WORK REQUEST ▸ I need the lines below from the one with "松瀬 樺麗さんの総格は63画の4点!" down to the one with "Təhlillər göstərir ki, keçən" reproduced exactly, both ends included, and nothing else.

INFORMATION SHOWN ▸
-- -- --
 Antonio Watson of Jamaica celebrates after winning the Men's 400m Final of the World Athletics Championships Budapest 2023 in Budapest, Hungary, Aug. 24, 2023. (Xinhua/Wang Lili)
-- -- --
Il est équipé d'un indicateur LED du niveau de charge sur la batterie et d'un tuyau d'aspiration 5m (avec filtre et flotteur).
-- -- --
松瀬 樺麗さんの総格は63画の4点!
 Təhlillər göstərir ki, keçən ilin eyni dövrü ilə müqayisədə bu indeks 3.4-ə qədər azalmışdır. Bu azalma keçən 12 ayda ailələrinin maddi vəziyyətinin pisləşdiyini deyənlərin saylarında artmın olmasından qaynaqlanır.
-- -- --
ANSWER TO THIS EXERCISE ▸
松瀬 樺麗さんの総格は63画の4点!
 Təhlillər göstərir ki, keçən ilin eyni dövrü ilə müqayisədə bu indeks 3.4-ə qədər azalmışdır. Bu azalma keçən 12 ayda ailələrinin maddi vəziyyətinin pisləşdiyini deyənlərin saylarında artmın olmasından qaynaqlanır.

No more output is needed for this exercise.